◆ **Assignment**:
Transcribe each record exactly; skip any picture.

Records shown START

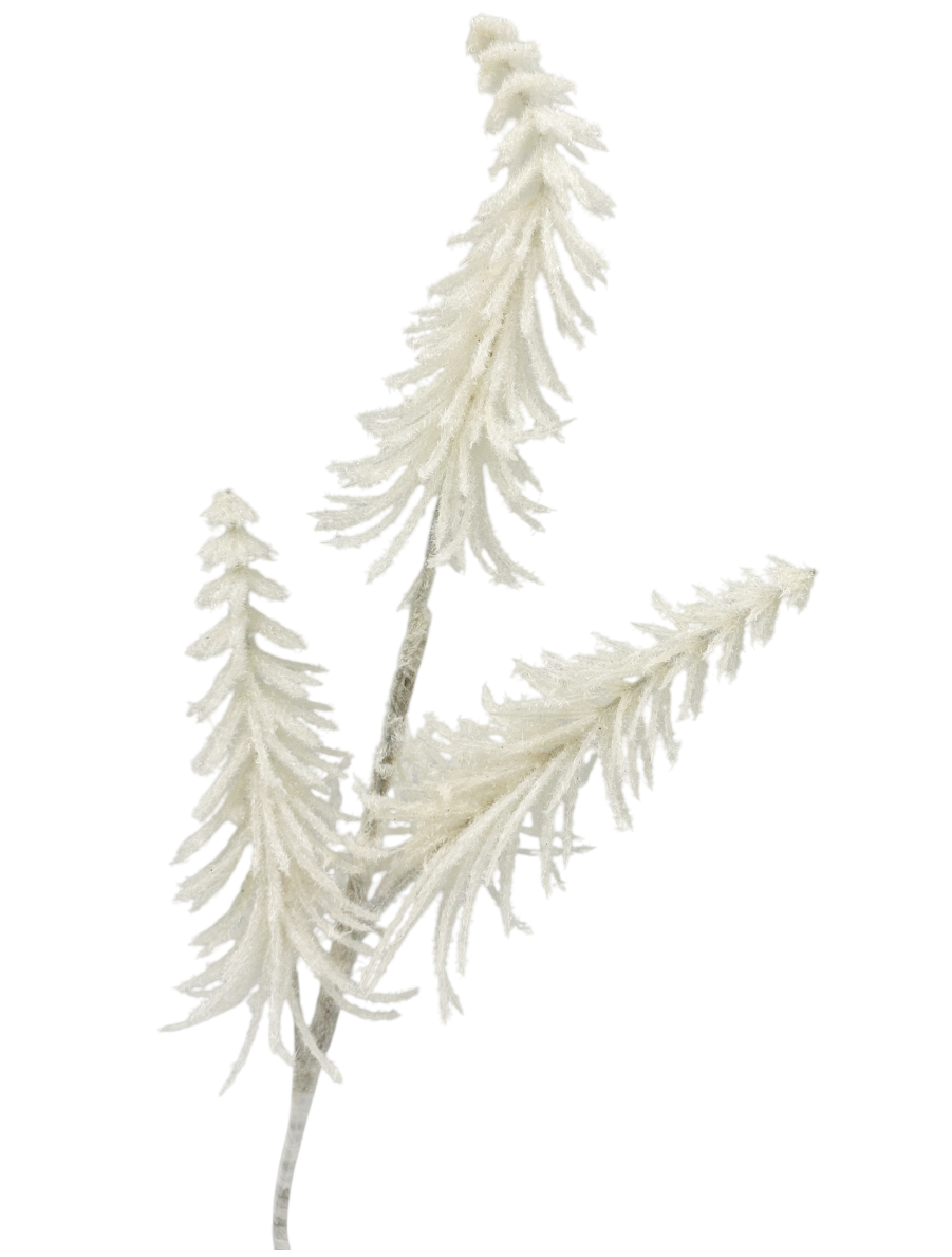 Ramură decorativă artificială cu aspect de brad acoperit de zăpadă, perfectă pentru a adăuga o notă elegantă și naturală decorurilor de iarnă. Ideală pentru aranjamente florale, coronite, vaze decorative sau ca ornament suplimentar pentru bradul de Crăciun.
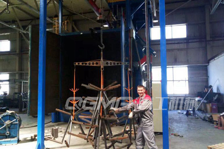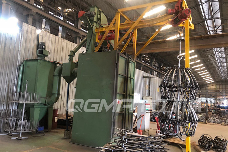 车架专用吊钩式抛丸机是专门用来清理自行车车架的吊钩式抛丸机,吊钩式抛丸机可用于清理齿轮、齿轴、锻造、铸造、建筑、化工、电机、机床等行业的中、小型铸、锻件的表面清理或强化处理,如除氧化皮、毛刺、砂铸件除砂等。
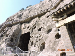 龍門石窟是在西山崖壁上開挖出來的,一般有兩至三層,參觀時常要上下台階和棧道。 |
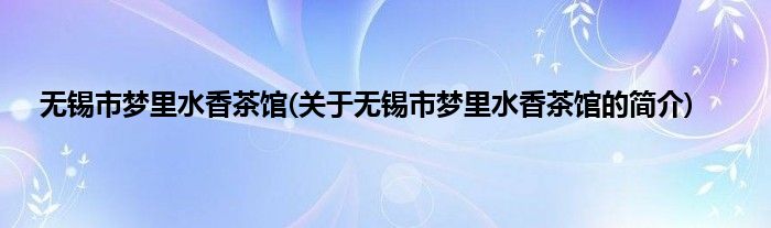 大家好,无锡市梦里水香茶馆,关于无锡市梦里水香茶馆的简介很多人还不知道,现在让我们一起来看看吧!
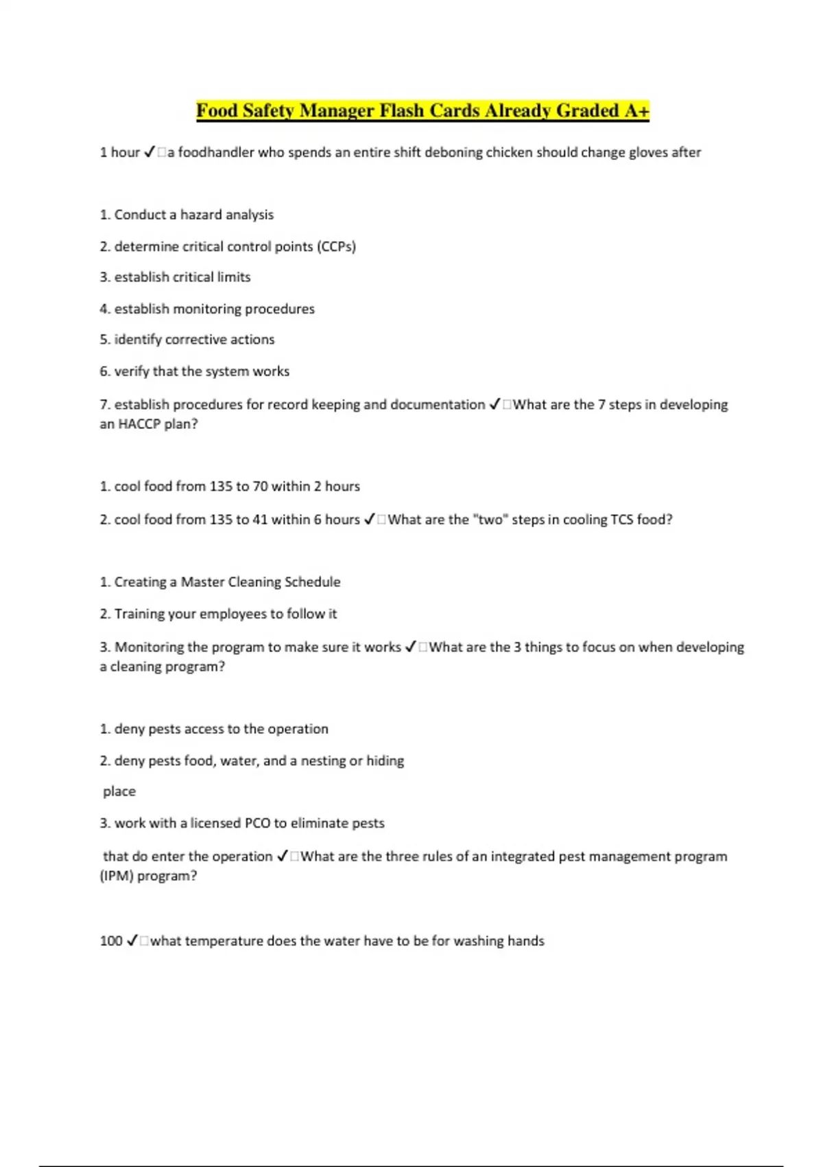 - Food Safety Manager Flash Cards Already Graded A+
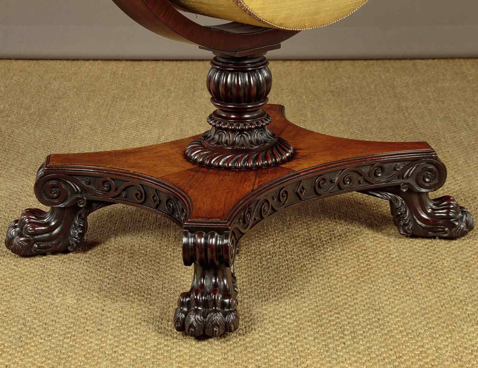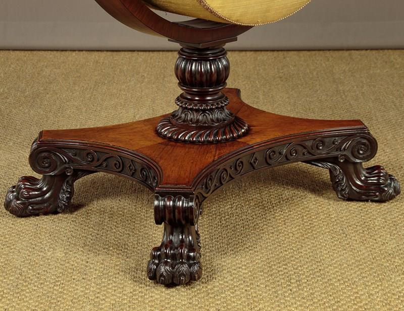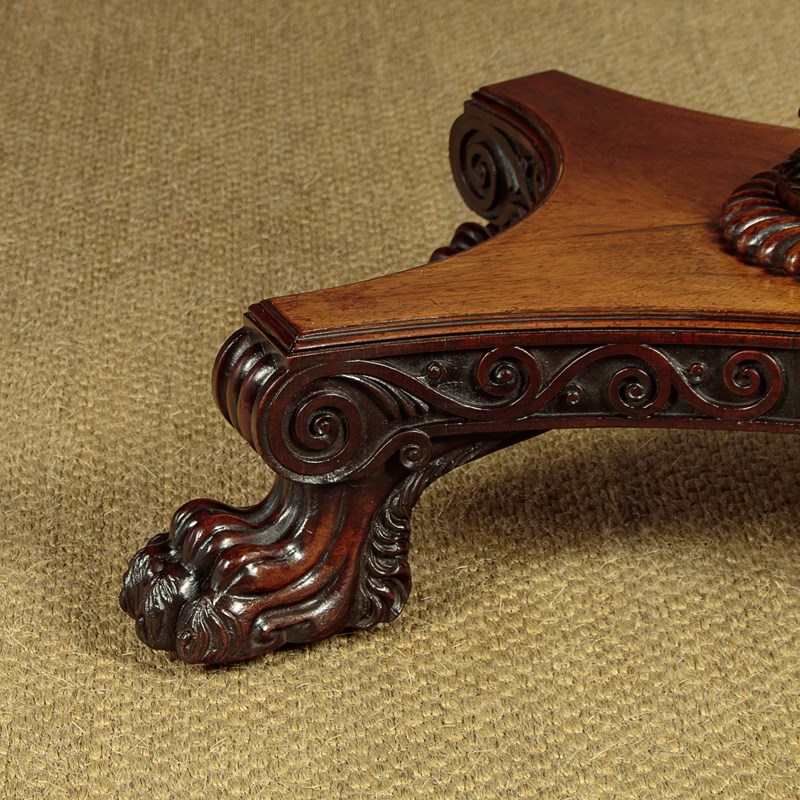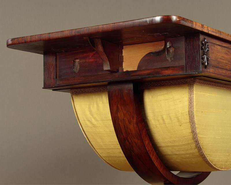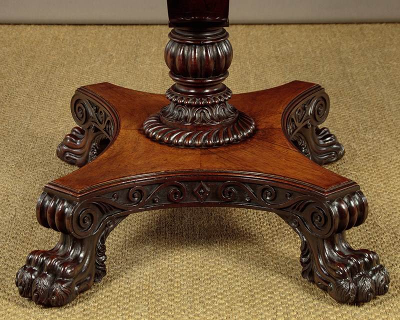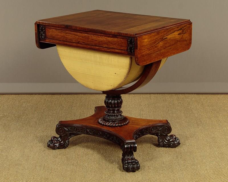 Mid 19th.c. rosewood Pembroke work table c.1840. Rosewood veneered top with two short folding leaves held on hinged loafers. Over a slim mahogany lined and lockable upper drawer and a large half-moon shaped basket drawer below, covered in yellow silk, originally intended to hold a lady's sewing or needlework. Note the little anthemion carvings either side of the upper drawer which repeated on the rear face of the table. Supported on a semi-circular yoke, also rosewood veneered, and a fine turned carved and segmented column with a gadrooned collar. Raised on a shaped plinth with quarter veneers and moulded edges over a carved frieze to each side and massive carved claw feet at the corners. Excellent colour and condition, cleaned and waxed in our workshops. Key supplied.
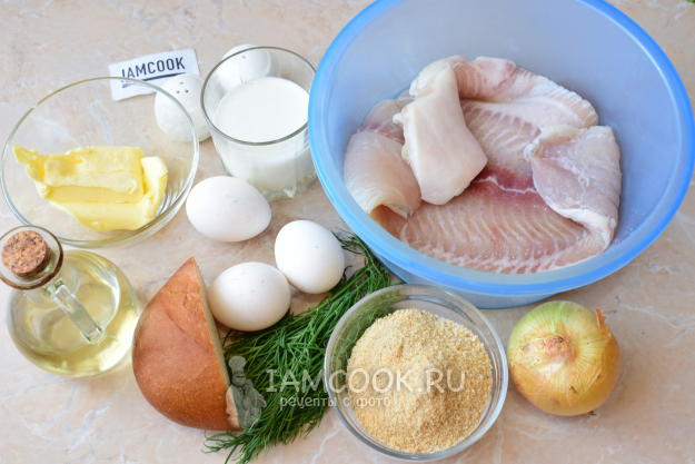 Для приготовления рыбных котлет по-киевски подготовьте необходимые ингредиенты по списку. Для таких котлет подойдет филе любой белой рыбы. У меня - филе пангасиуса.
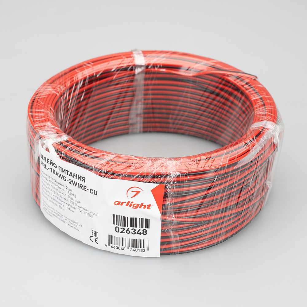 Шлейф для питания и управления одноцветными светодиодными лентами. 2 проводника, калибр проводника 18AWG, сечение проводника 0.84 мм², проводник из луженой меди, внешняя оболочка из ПВХ красного и чёрного цветов. Длина кабеля в бухте — 50 метров. (!!!)Калибр проводника шлейфа питания и его сечение должны соответствовать нагрузке, смотрите инструкцию.
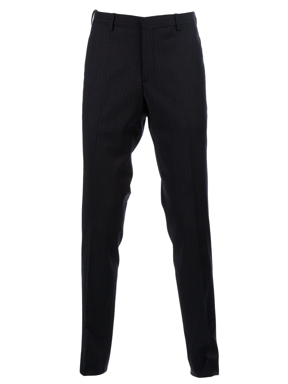 Pin striped trouser Black cotton blend trouser from Neil Barrett featuring a straight leg design, a concealed front fastening, belt loops at the waist, a contrasting grey pin striped design, two side inset pockets and a single pleat design to the front and rear. Made in Italy Composition Wool 98%, Spandex/Elastane 2% Washing instructions Dry Clean Only
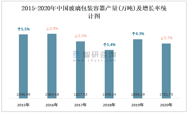2015-2020年中國玻璃包裝容器產量及增長率統計圖
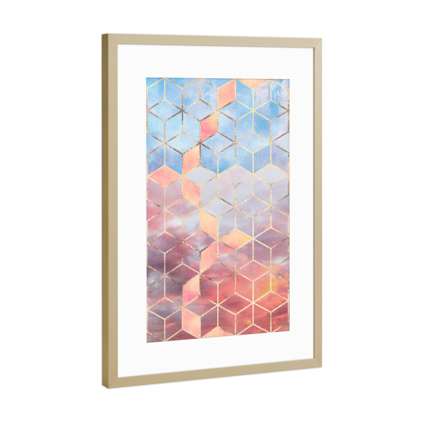Poster mit Rahmen Gold "Magic Sky Cubes" artboxONE - Natur,Abstrakt,Geometrie - Graphic,Patterns,Sky,Gold
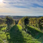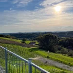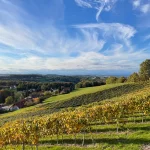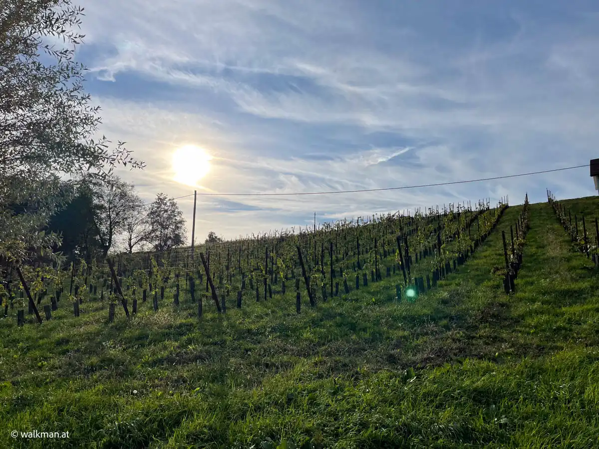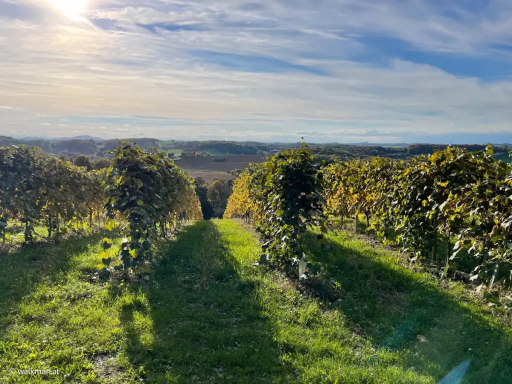 Nach dem Wald heißt hier auch vor den Weingärten. Ich trete aus dem Wald heraus und finde mich quasi zwischen Weinreben wieder. Zwar, ob des Maschendrahtzaunes zwischen mir und den Reben, nicht ganz, aber so wär es sinngemäß zu beschreiben. Und zwischen den Weinreben eine schöne Aussicht ins Tal.
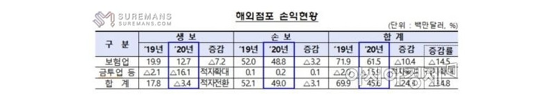 보험사 해외점포 순익 35% 급감…코로나·자연재해 겹쳐
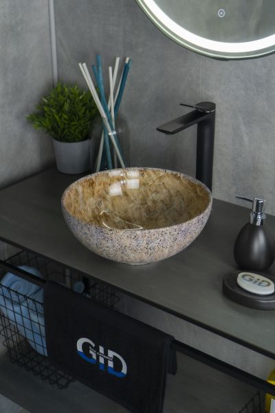Раковины серии Esfera с круглой чашей — это эталон европейских стандартов и испанского мастерства. Раковина накладная GID Mnc489 — это стильная модель, изготовленная из высококачественной керамики. Она имеет круглую форму, что делает её практичным решением для современных ванных комнат. Дизайн раковины имитирует глянцевую поверхность натурального камня, придавая интерьеру элегантность и утончённость. Раковина устанавливается накладным способом на столешницу, что подчёркивает её современный стиль. Благодаря отсутствию отверстия под смеситель раковина позволяет реализовать различные дизайнерские решения по размещению смесителя. Раковина предназначена для бытового использования и гармонично впишется в любой интерьер ванной комнаты.
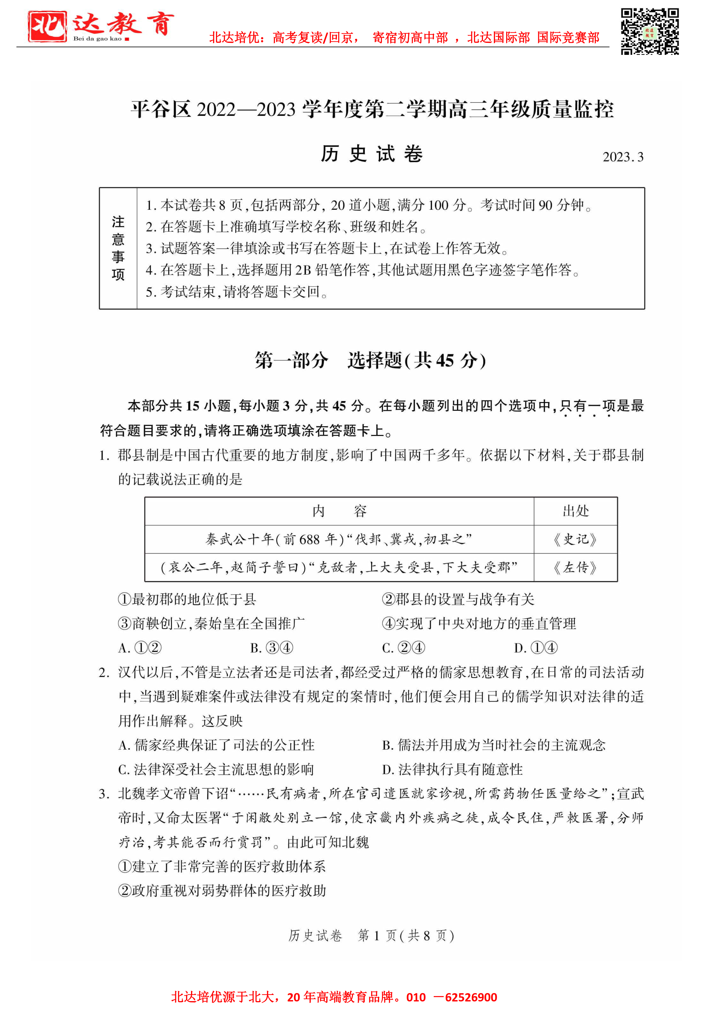 2023年北京平谷区高三一模考于3月底启动,为了方便同学们查找相关试题,admw360高考复读学校整理了2023年北京平谷区高三一模历史试题,附高清电子版,欢迎为大家下载分享~
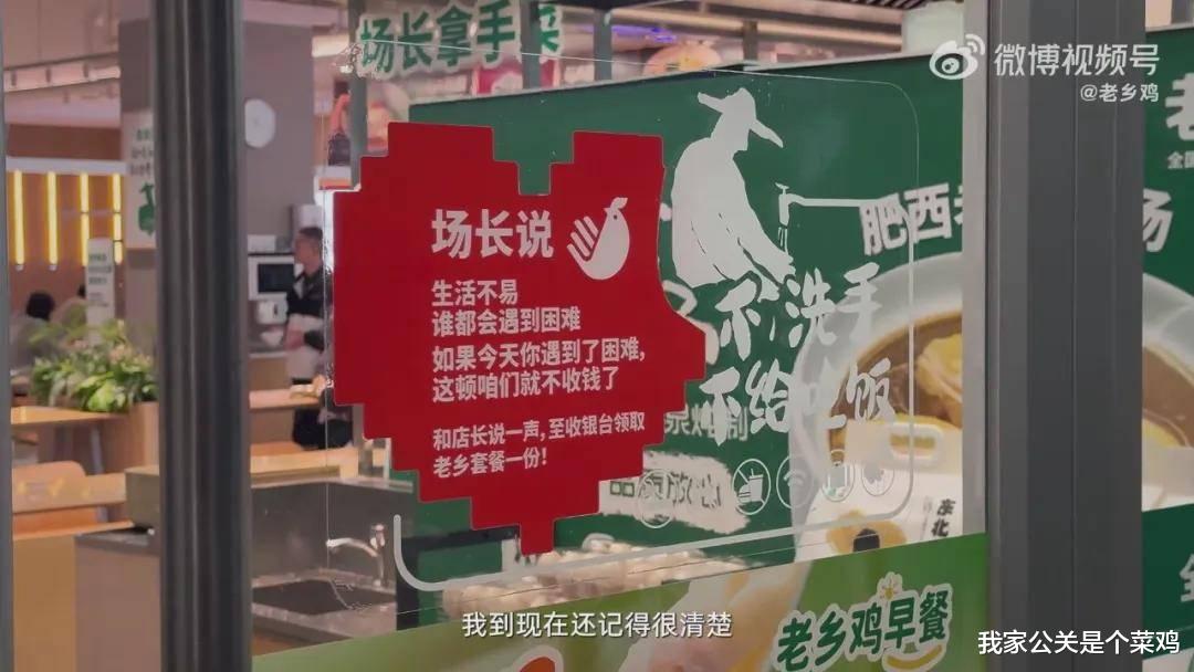 比如插入老乡鸡创始人线下视察门店时的讲话,如果病患吃不起,就不要收他们的钱。
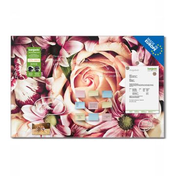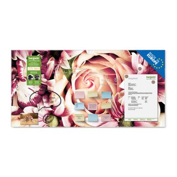 Material: 4mm Sicherheitsglas mit Metallrückwand Eigenschaften: beschreibbar, magnetisch, kratzfest Maße: 120x60x0,6cm, 10,80kg schwer Motiv Nummer 12786 Brautstrauss Zubehör: inklusive 4 Neodym-Magnete

Records shown END

◆ **Result**:
 Ramură decorativă artificială cu aspect de brad acoperit de zăpadă, perfectă pentru a adăuga o notă elegantă și naturală decorurilor de iarnă. Ideală pentru aranjamente florale, coronite, vaze decorative sau ca ornament suplimentar pentru bradul de Crăciun.
 车架专用吊钩式抛丸机是专门用来清理自行车车架的吊钩式抛丸机,吊钩式抛丸机可用于清理齿轮、齿轴、锻造、铸造、建筑、化工、电机、机床等行业的中、小型铸、锻件的表面清理或强化处理,如除氧化皮、毛刺、砂铸件除砂等。
 龍門石窟是在西山崖壁上開挖出來的,一般有兩至三層,參觀時常要上下台階和棧道。 |
 大家好,无锡市梦里水香茶馆,关于无锡市梦里水香茶馆的简介很多人还不知道,现在让我们一起来看看吧!
 - Food Safety Manager Flash Cards Already Graded A+
 Mid 19th.c. rosewood Pembroke work table c.1840. Rosewood veneered top with two short folding leaves held on hinged loafers. Over a slim mahogany lined and lockable upper drawer and a large half-moon shaped basket drawer below, covered in yellow silk, originally intended to hold a lady's sewing or needlework. Note the little anthemion carvings either side of the upper drawer which repeated on the rear face of the table. Supported on a semi-circular yoke, also rosewood veneered, and a fine turned carved and segmented column with a gadrooned collar. Raised on a shaped plinth with quarter veneers and moulded edges over a carved frieze to each side and massive carved claw feet at the corners. Excellent colour and condition, cleaned and waxed in our workshops. Key supplied.
 Для приготовления рыбных котлет по-киевски подготовьте необходимые ингредиенты по списку. Для таких котлет подойдет филе любой белой рыбы. У меня - филе пангасиуса.
 Шлейф для питания и управления одноцветными светодиодными лентами. 2 проводника, калибр проводника 18AWG, сечение проводника 0.84 мм², проводник из луженой меди, внешняя оболочка из ПВХ красного и чёрного цветов. Длина кабеля в бухте — 50 метров. (!!!)Калибр проводника шлейфа питания и его сечение должны соответствовать нагрузке, смотрите инструкцию.
 Pin striped trouser Black cotton blend trouser from Neil Barrett featuring a straight leg design, a concealed front fastening, belt loops at the waist, a contrasting grey pin striped design, two side inset pockets and a single pleat design to the front and rear. Made in Italy Composition Wool 98%, Spandex/Elastane 2% Washing instructions Dry Clean Only
2015-2020年中國玻璃包裝容器產量及增長率統計圖
Poster mit Rahmen Gold "Magic Sky Cubes" artboxONE - Natur,Abstrakt,Geometrie - Graphic,Patterns,Sky,Gold
 Nach dem Wald heißt hier auch vor den Weingärten. Ich trete aus dem Wald heraus und finde mich quasi zwischen Weinreben wieder. Zwar, ob des Maschendrahtzaunes zwischen mir und den Reben, nicht ganz, aber so wär es sinngemäß zu beschreiben. Und zwischen den Weinreben eine schöne Aussicht ins Tal.
 보험사 해외점포 순익 35% 급감…코로나·자연재해 겹쳐
Раковины серии Esfera с круглой чашей — это эталон европейских стандартов и испанского мастерства. Раковина накладная GID Mnc489 — это стильная модель, изготовленная из высококачественной керамики. Она имеет круглую форму, что делает её практичным решением для современных ванных комнат. Дизайн раковины имитирует глянцевую поверхность натурального камня, придавая интерьеру элегантность и утончённость. Раковина устанавливается накладным способом на столешницу, что подчёркивает её современный стиль. Благодаря отсутствию отверстия под смеситель раковина позволяет реализовать различные дизайнерские решения по размещению смесителя. Раковина предназначена для бытового использования и гармонично впишется в любой интерьер ванной комнаты.
 2023年北京平谷区高三一模考于3月底启动,为了方便同学们查找相关试题,admw360高考复读学校整理了2023年北京平谷区高三一模历史试题,附高清电子版,欢迎为大家下载分享~
 比如插入老乡鸡创始人线下视察门店时的讲话,如果病患吃不起,就不要收他们的钱。
 Material: 4mm Sicherheitsglas mit Metallrückwand Eigenschaften: beschreibbar, magnetisch, kratzfest Maße: 120x60x0,6cm, 10,80kg schwer Motiv Nummer 12786 Brautstrauss Zubehör: inklusive 4 Neodym-Magnete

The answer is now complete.